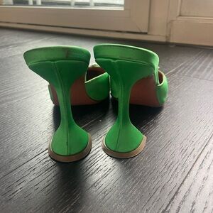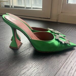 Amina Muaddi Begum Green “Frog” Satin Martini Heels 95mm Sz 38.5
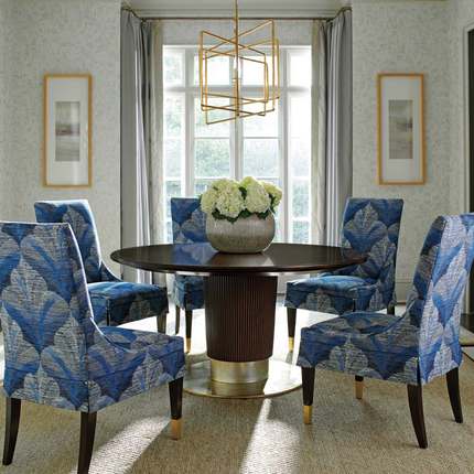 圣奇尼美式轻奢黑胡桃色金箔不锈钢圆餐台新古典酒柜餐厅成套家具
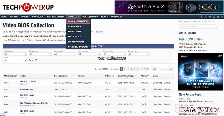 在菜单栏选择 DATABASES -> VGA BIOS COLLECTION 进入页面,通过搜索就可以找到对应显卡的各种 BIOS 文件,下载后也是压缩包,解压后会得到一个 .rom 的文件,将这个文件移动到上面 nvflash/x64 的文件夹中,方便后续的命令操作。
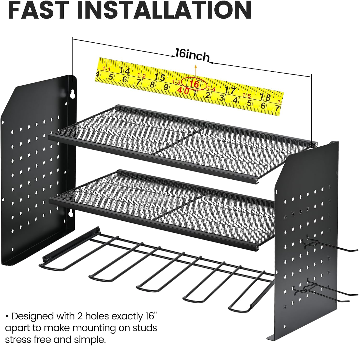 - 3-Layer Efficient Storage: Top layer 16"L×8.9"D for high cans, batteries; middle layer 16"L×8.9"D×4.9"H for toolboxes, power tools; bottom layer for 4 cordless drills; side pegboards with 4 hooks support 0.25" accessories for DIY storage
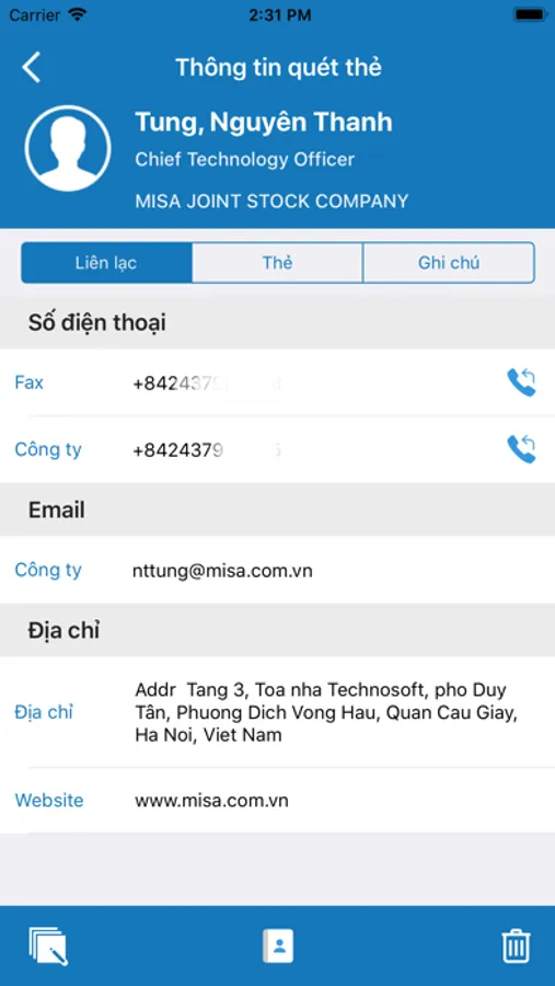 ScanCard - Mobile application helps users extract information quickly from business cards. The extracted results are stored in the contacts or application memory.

▶ [What the task asks]: Please reproduce only the lines from the one holding "- 3-Layer Efficient" through the final line of the listing above, both included, with each picture left out.

▶ [Output of the exercise]:
 - 3-Layer Efficient Storage: Top layer 16"L×8.9"D for high cans, batteries; middle layer 16"L×8.9"D×4.9"H for toolboxes, power tools; bottom layer for 4 cordless drills; side pegboards with 4 hooks support 0.25" accessories for DIY storage
 ScanCard - Mobile application helps users extract information quickly from business cards. The extracted results are stored in the contacts or application memory.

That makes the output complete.